Question

Water enters a pipe at \(20^{\circ} \mathrm{C}\) at a rate of $0.25 \mathrm{~kg} / \mathrm{s}\( and is heated to \)60^{\circ} \mathrm{C}$. The rate of heat transfer to the water is (a) \(10 \mathrm{~kW}\) (b) \(20.9 \mathrm{~kW}\) (c) \(41.8 \mathrm{~kW}\) (d) \(62.7 \mathrm{~kW}\) (e) \(167.2 \mathrm{~kW}\)

Short answer

Answer: The rate of heat transfer to the water is 41.8 kW.

Step-by-step solution

Identify the given values

In this problem, we are given: - Initial temperature: \(T_{1} = 20^{\circ} \mathrm{C}\) - Final temperature: \(T_{2} = 60^{\circ} \mathrm{C}\) - Mass flow rate: \(m = 0.25 \mathrm{~kg/s}\) - Specific heat capacity of water: \(c = 4.18 \mathrm{~kJ/kg^{\circ} C}\) (constant)

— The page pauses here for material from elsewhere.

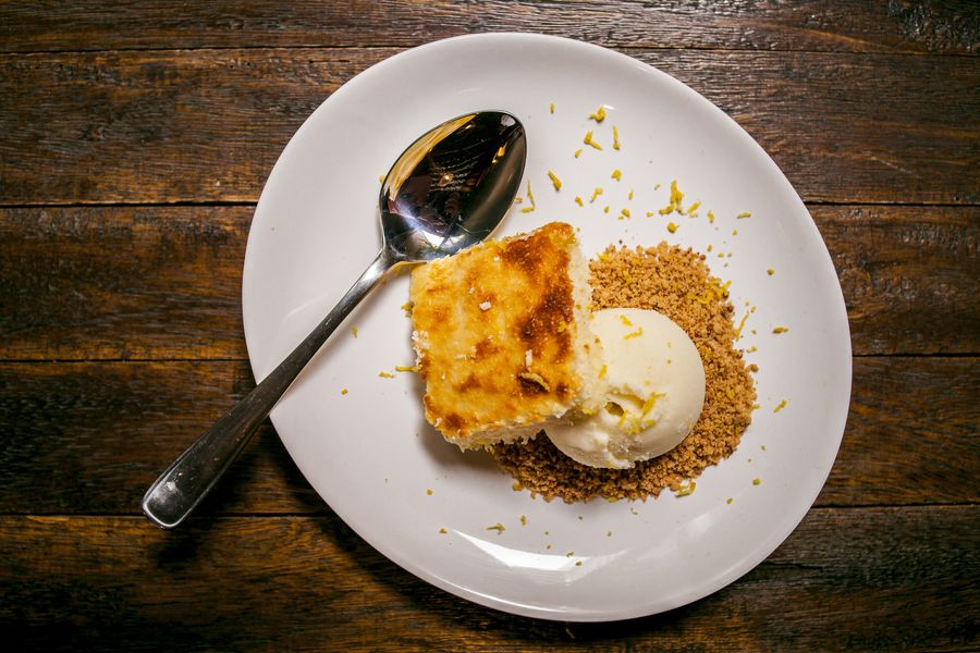 Fechando as delícias, salada de frutas da estação, cocada de forno com sorvete de limão e farofa de coco queimado ou sacher de damasco com calda de rum, cobertura de chocolate e farofa de brownie com caramelo.

Calculate the temperature change

The temperature change can be calculated by taking the difference between the final and initial temperatures: \(\Delta{T} = T_{2} - T_{1} = 60^{\circ} \mathrm{C} - 20^{\circ} \mathrm{C} = 40^{\circ} \mathrm{C}\)

Calculate the energy transfer rate

To find the rate of heat transfer, first find the amount of energy transferred by using the formula: \(Q = m \times c \times \Delta{T}\) Now we substitute the given values into the formula: \(Q = (0.25 \mathrm{~kg/s}) \times (4.18 \mathrm{~kJ/kg^{\circ} C}) \times (40^{\circ} \mathrm{C})\)

Solve for the rate of heat transfer

Now we can calculate the rate of heat transfer: \(Q = 0.25 \times 4.18 \times 40\) \(Q = 41.8 \mathrm{~kJ/s}\) Since 1 kJ/s is equivalent to 1 kW, the rate of heat transfer to the water is \(41.8 \mathrm{~kW}\). Therefore, the correct answer is (c) \(41.8 \mathrm{~kW}\).